- Specialty: Dermatology

= Multinucleate cell angiohistiocytoma =

Multinucleate cell angiohistiocytoma (MCAH) is a cutaneous condition that presents as slowly growing, multiple, discrete but grouped, red to violaceous papules

== Signs and symptoms ==
Lesions are asymptomatic and most commonly found on the face and acral regions, however they have been described in other locations such as the trunk and, less frequently, the mucous membranes; they are usually unilateral and appear as papules ranging in diameter from 2 to 15mm.

They can be smooth and flat, or they can seem like reddish, pink, violaceous, or brown papules with a slightly elevated dome-shaped surface.
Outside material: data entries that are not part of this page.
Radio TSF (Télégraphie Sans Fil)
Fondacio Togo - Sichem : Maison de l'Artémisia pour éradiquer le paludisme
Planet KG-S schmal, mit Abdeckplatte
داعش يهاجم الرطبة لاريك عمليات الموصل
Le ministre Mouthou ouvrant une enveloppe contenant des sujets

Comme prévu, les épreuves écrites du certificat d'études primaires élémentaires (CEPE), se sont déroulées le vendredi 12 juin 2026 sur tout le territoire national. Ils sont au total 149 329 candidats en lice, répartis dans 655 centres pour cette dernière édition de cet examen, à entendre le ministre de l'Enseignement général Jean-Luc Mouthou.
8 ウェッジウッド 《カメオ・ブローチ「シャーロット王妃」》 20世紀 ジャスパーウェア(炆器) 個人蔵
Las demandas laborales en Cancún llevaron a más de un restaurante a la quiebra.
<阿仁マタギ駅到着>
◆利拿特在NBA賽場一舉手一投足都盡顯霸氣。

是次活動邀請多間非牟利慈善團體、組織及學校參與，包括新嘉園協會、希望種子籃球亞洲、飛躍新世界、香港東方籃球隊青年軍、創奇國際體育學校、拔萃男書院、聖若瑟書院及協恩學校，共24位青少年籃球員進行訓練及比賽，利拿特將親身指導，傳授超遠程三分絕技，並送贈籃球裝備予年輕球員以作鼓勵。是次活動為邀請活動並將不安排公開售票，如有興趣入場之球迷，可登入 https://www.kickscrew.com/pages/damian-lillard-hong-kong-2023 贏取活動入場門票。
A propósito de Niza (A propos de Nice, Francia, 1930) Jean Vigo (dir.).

There have been a few cases reported with bilateral involvement and even widespread forms. MCAH lesions do not seem to spontaneously remit; instead, they grow over weeks to months.

== Causes ==
While there are still many unanswered questions regarding the etiology and pathogenesis of MCAH, the general consensus is that lesions result from a reactive process rather than a neoplastic one.

== Mechanism ==
This disease is thought to be caused by enhanced cutaneous vascularity and an aggressive inflammatory response to intravascular macrophage migration. Furthermore, impacted regions demonstrate an overabundance of estrogen receptor α. Angiogenesis has been associated with estrogen signaling. This discovery may help to explain why MCAH is more common in women and why it is extremely vascular.

== Diagnosis ==
Histopathologically, multinucleated cells with angular outlines in the dermis and vascular hyperplasia linked to a rise in factor XIIIa-positive fibrohistiocytic interstitial cells are the hallmarks of MCAH. The most specific histological finding (3–10 hyperchromatic nuclei with basophilic cytoplasm) is the presence of multinucleated giant cells, albeit this finding does not necessarily indicate the presence of MCAH.
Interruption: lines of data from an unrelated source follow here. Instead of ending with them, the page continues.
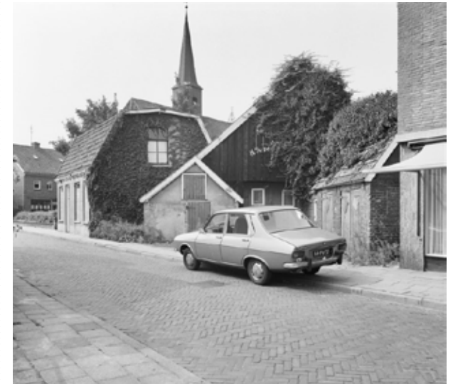
't Hengelhoes, historische foto vanaf de kerk voor herbouw.
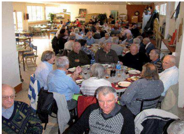
repas des anciens : vue de la salle

le site internet cercleamis.cagnes.free.fr
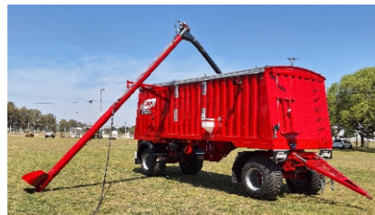
Sistema de autocarga.
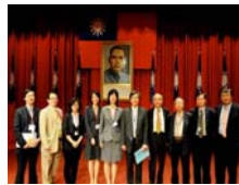
與會專家學者共同合照
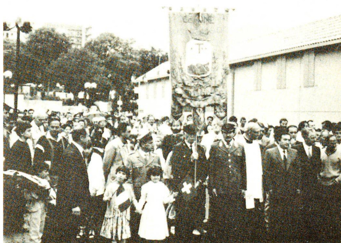
Die Einweihung der Wohnsiedlung weitete sich zu einem regelrechten Volksfest aus.

Insgesamt hatte das Erdbeben vom 23. November 1980 3000 Tote, 8000 Verletzte und über 300 000 Obdachlose gefordert. Für die Nothilfe sowie für den Wiederaufbau hat das SRK bisher über 10 Mio. Franken eingesetzt. □
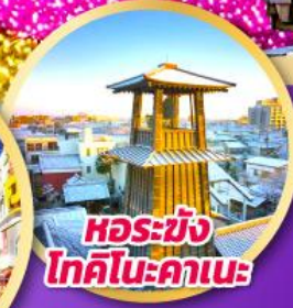
หอรบั้ง โทคิโนะคาเนะ
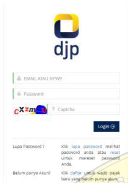
Gambar 1. Laman ereg.pajak.go.id
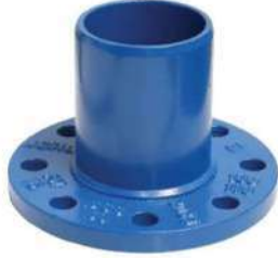
PVC BORULAR İÇİN ( FOR PVC PIPES) GF - GEÇME MUFLU F PARÇASI GF - FLANGED DOVETAILED F
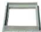
ARO SIMPLES PLASTICO
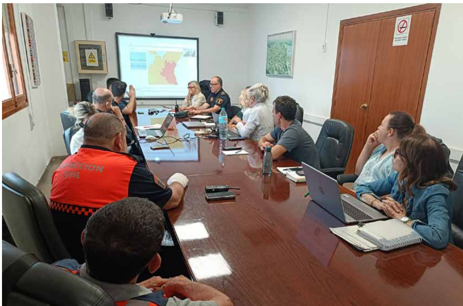
Centre de Coordinació Operativa Municipal (CECOPAL) a l'Ajuntament de Bétera.
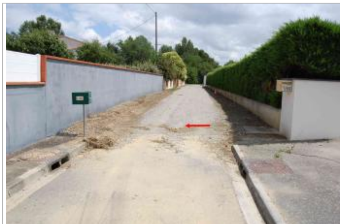
Vue du SITE Photo GEOSPHAIR

Coordonnées WGS84 : X: 1.39565298 / Y: 43.43725557
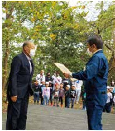
高橋署長から理事長へ感謝状を贈呈
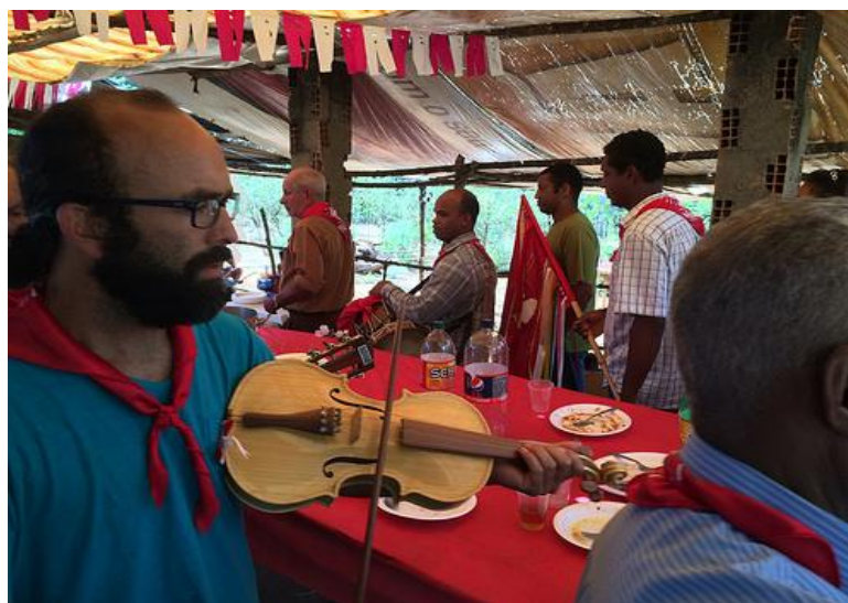
Folia de nossa Senhora da Abadia Fonte: CARVALHO, Fabiana. 2014. FIGURA 3
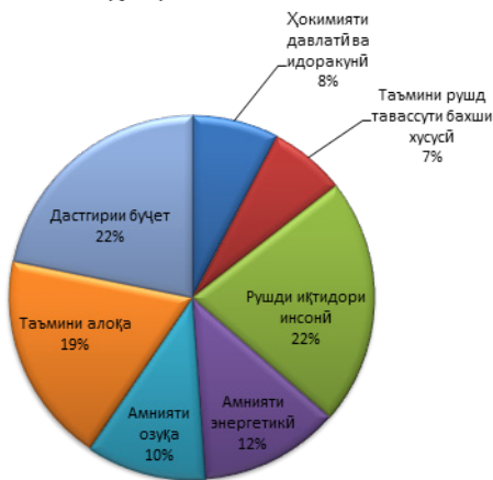
Самтҳои афзалиятноки ўҳдадориҳо дар доираи СРМ/СПСК барои солҳои 2010-2012 аз рӯи ташкилотҳо (бо дастгирии буҷет)
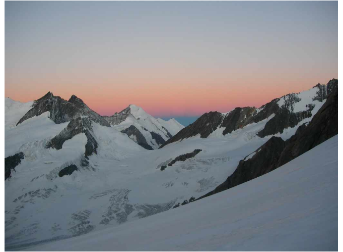
Sonnenaufgang am Finsteraarhorn
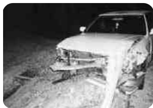
飲酒運転による悲惨な車両

ドライバーの皆さん、「乗るなら絶対に飲むな」「飲んだら絶対に乗るな」を自身にしっかりと聞きかせてください。
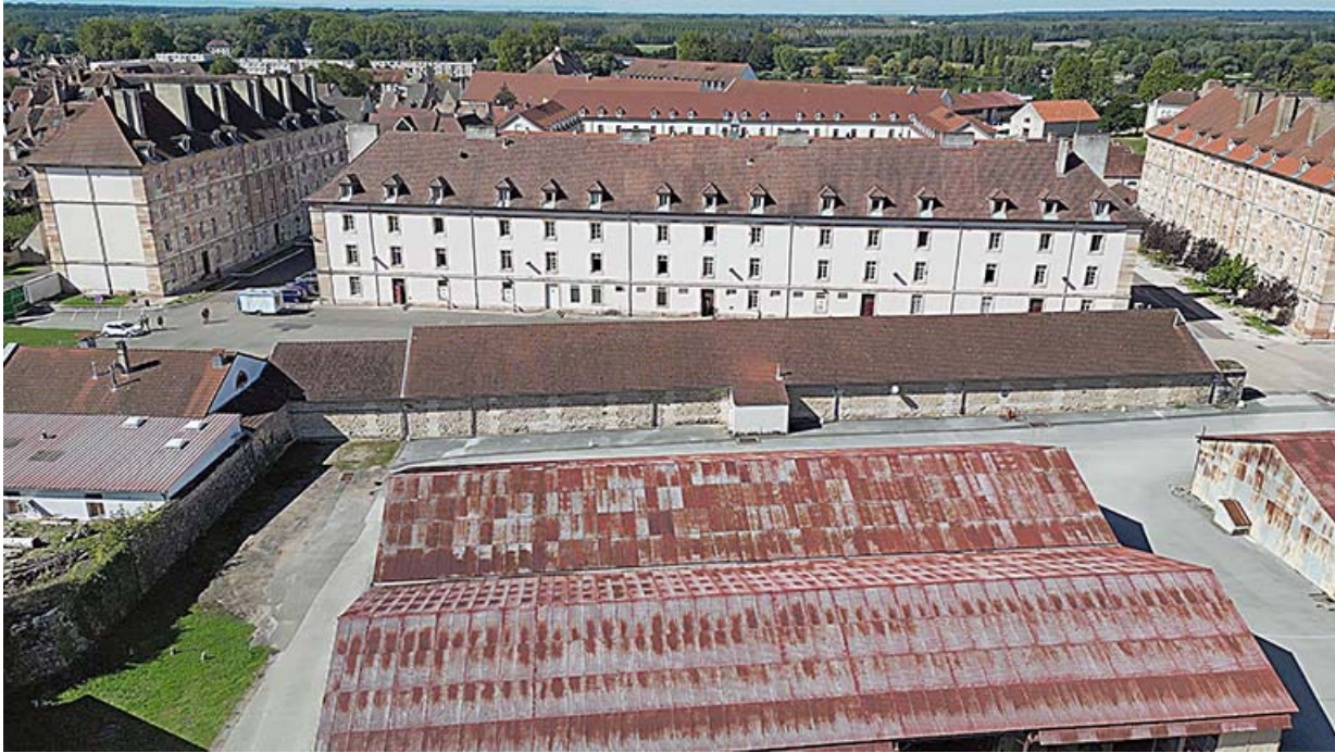
Vue aérienne du rempart reliant les bastions du Gouverneur et du Cygne.
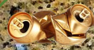
hliníková plechovka 400 let
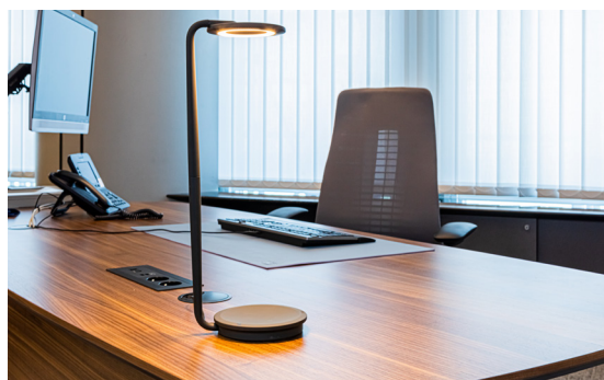
Fernを使用した、欧州議会議員向けの人間工学に基づくソリューション
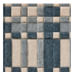
FT209003 Bleu gris

Immunohistochemistry demonstrates that vascular endothelial cells are positive for Factor VIII, vimentin, CD31, and CD34 antibodies, but negative for Bcl-2 and HHV-8 antigens. Vimentin, Factor XIIIa, CD68, alpha-1-antitrypsin, and lysozyme are expressed by mononuclear cells, although neither S100 nor CD1a are. The MAC387 expression is not constant. While multinucleate cells are negative for other monocyte/macrophage lineage markers, they are significantly positive for vimentin. CD68 expression can be either positive or negative. In interstitial and perivascular spindle cells, as well as rarely in multinucleate cells, estrogen receptor α has significant expression.
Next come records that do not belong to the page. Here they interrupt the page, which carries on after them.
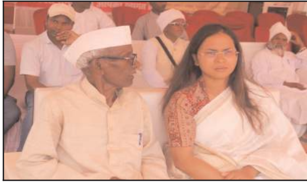
बलिदान और किसी भी प्रकार का अभिमान न होना ही टाना भगतों की
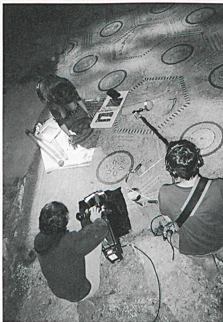
Auch im Musée romain in Vallon FR wurde eine Szene gedreht.

am selben Drehort über in die heutige Zeit, wo anhand weiterer Szenen die KGS-Aufgaben und -Arbeiten erläutert werden (zum Beispiel Inventarisierung, Kurzdokumentation, Evakuierung, Ausbildung, Sicherstellungsdokumentation und Mikroverfilmung usw.). Auch die Zusammenarbeit mit der Feuerwehr oder jene mit der Denkmalpflege und Archäologie, mit Archiven, Bibliotheken und Museen wird aufgezeigt.
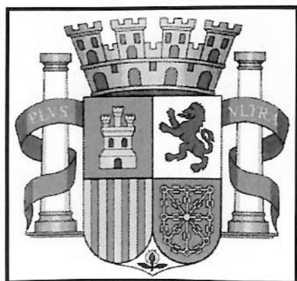
Publicación en Gaceta de la República N° 26 26-01-1938, Ministerio de la Gobernación

Por acuerdo del consejo Municipal de Requena (Valencia) con fecha 19 de Agosto de 1937, fue aprobado el expediente de segregación de la aldea denominada anteriormente San Antonio, hoy Vegalibre, a fin de constituirse en Municipio independiente asignándole como término municipal la demarcación que correspondía a la antigua parroquia de San Antonio, limitando al Norte con el de Chelva, Sur y Este con el de Requena, y Oeste con el de Utiel.
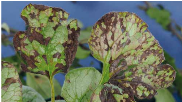
Blattnematoden ( Aphelenchooides sp. ) an Kaukasusvergissmeinnicht
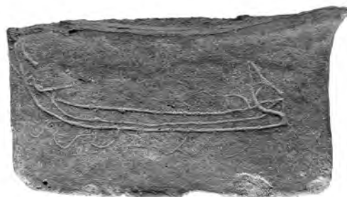
2. Χάραγμα σε λαβή κρατήρα.
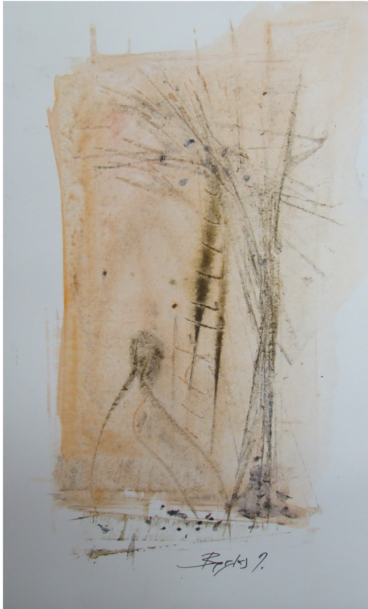
«Μόνη και έρημη III» 15cm X 25 cm, Μεικτή τεχνική, 2013

Angiofibroma/fibrous papule, dermatofibroma, microvenular hemangioma, Kaposi's sarcoma, and acroangiodermatitis are among the histopathologic differential diagnoses.

== Treatment ==
Treatment is not required because the lesion is benign, but it might be suggested for itchy or unappealing lesions. The literature has reported on a number of treatment approaches, such as intense pulsed light, cryosurgery, corticosteroids, argon and carbon dioxide lasers, and surgical excision.